The mind of the exceptional leader is free of ideological chains. It thinks outside the box. Its freedom lures new perspectives. It allows, for example, a Mikhail Gorbachev to look at the irrationality of the Cold War and say, Let’s end it. It would allow a new U.S. president to think beyond the clash of civilizations. …

But what a signal to the world America would send through the very act of electing this man. What a statement of the country’s greatness, its capacity for change, its return to its ideals. Can anyone imagine a Barack Obama approving torture?

Moments like these come along rarely. As in sport, politics delivers up a truly exceptional force only once every generation or two. Now is one of those moments – the best opportunity for a new Camelot era since the arrival of John F. Kennedy.

…and on July 10, 2008:

It wasn’t so long ago that Barack Obama, in Martin Luther King parlance, was talking about the “fierce urgency of now.” And here he is now, moving from inspirational idealist to a middle-of-the-road panderer. On guns, on wiretaps, on election finance, on war, meet the new Senator from Illinois. A peddler of convention. An American conformist.

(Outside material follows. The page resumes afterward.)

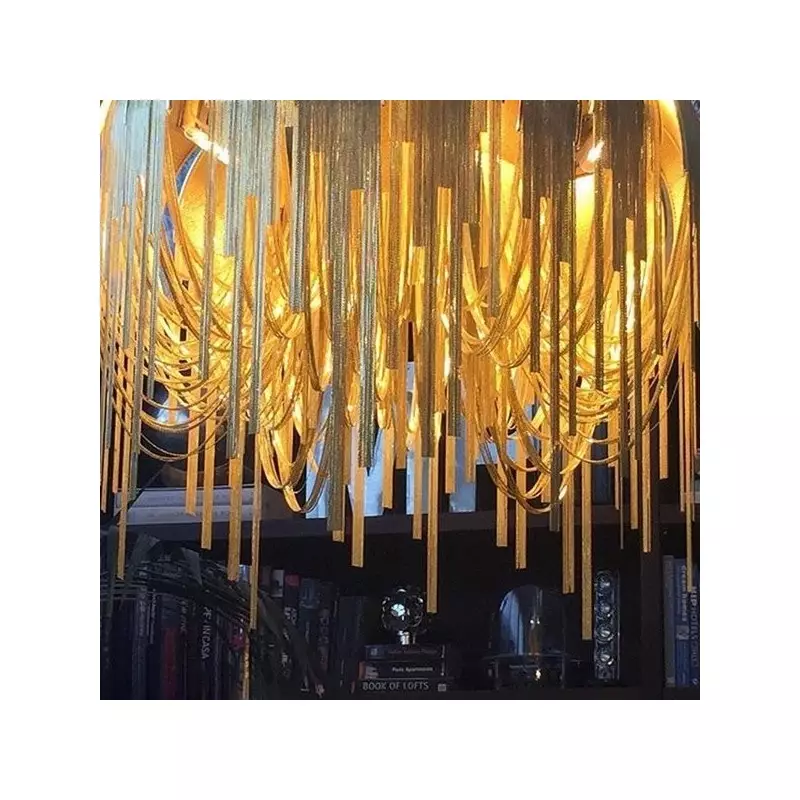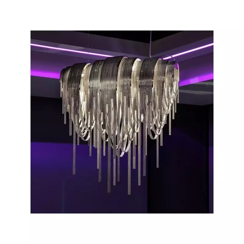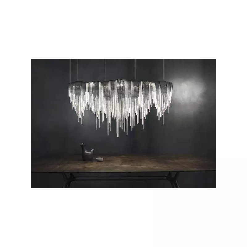 - A resplendent mass of burnished cascading fluidity, Volver LED Linear Suspension emphatically elevates the extravagance, melding the company's aesthetic affinity for elegantly draped metal chain fixtures with energy efficient LED technology. Elaborate elongated lengths of nickel-plated chains lavishly drape and loop around a hollowed central frame that houses the LEDs, creating a ceaseless contemporary sparkle for a new level of luxury. This geometric design combines thin nickel chains with the latest in LED technology to create a light that is both elegant and modern. A breath of new light, Volver melds technology and art to achieve a new level of luxury. Please note: Your payment does not include customs duties, local taxes or any other import costs. If you have any questions about our products, please contact us and we will get back to you within 24 hours.

Let no one say that Mr. Martin isn’t a national treasure. (Let no one say it in the comments to this post, for example.) His laments for the sepia-toned days of intelligent, civil politics long past; his pollyanna-ish pleas for intelligent, civil politics in the future; his columns complaining about the media focusing too much on political optics rather than substance, any of which could easily be followed by a column focusing entirely on political optics; his ability to fall head-over-heels in love with the likes of Obama and Dion, only to be jilted yet again by their inevitable, shameless kowtowing to the realities of unintelligent, uncivil politics… there’s just so much earnestness in every piece, so much potential for crushing disappointment. Lock him and Susan Riley in a room for 24 hours, we’re convinced, and they’d emerge with a fully-costed plan to convert Canada and its citizens to pure energy—and they’d be bloody furious if the government didn’t make it happen within a year. And how many writers, we ask you, would use the term “ritualistic cocoon” even once in their careers? Martin recently used it twice in two months! Our minds are often boggled by his arguments, but we always look forward to the next batch.

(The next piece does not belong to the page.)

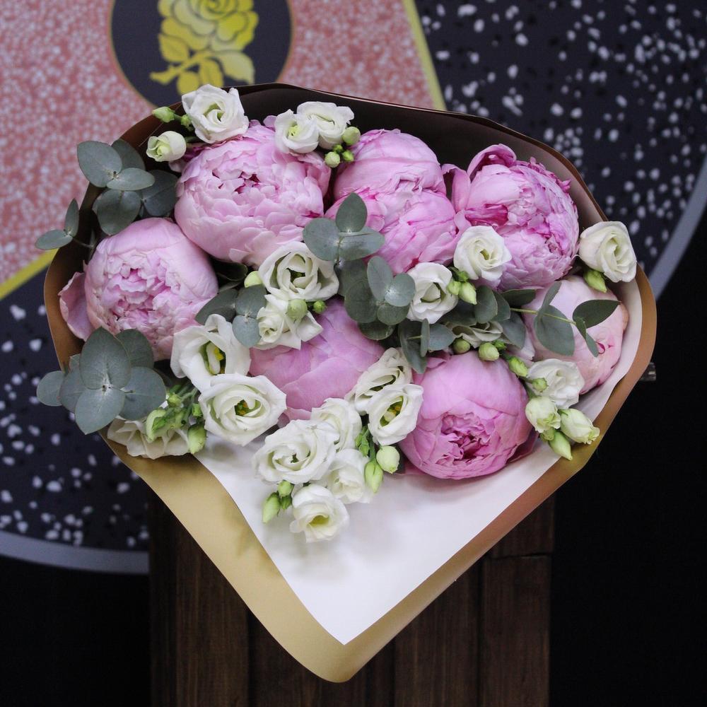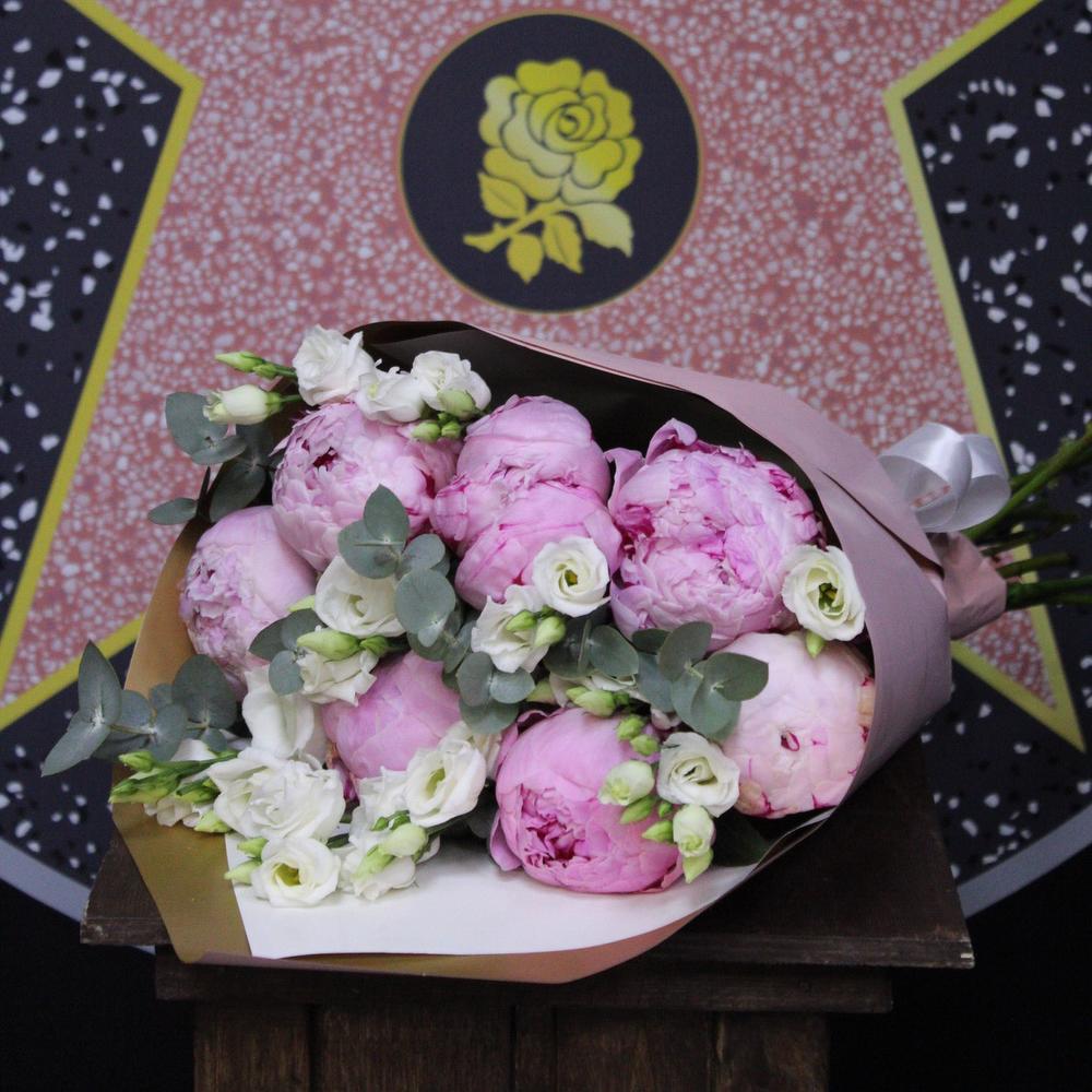 Лента атласная – 2 шт.Пион Сара Бернар – 7 шт.Пленка матовая – 2 шт.эустома белая – 3 шт.Эвкалипт Baby Blue – 3 шт.

However, as our friend Edward Michael George illustrates today, there are some among us who don’t appreciate Martin. In fact, George declares himself to have been thoroughly nauseated by Martin’s original hagiography of Dion, and he gesticulates wildly at today’s about-face, in which he’s been reduced from RFK-of-the-north to a “besieged professor” begging for help from those who should rightly have bested him in Montreal nearly two years ago. George suggests Martin “fold his [original] column between two pieces of pumpernickel and see how long he can keep the lot down.”

It’s the sort of thing we might have said ourselves about a lesser columnist, but not about Martin. Tsk tsk, Mr. George.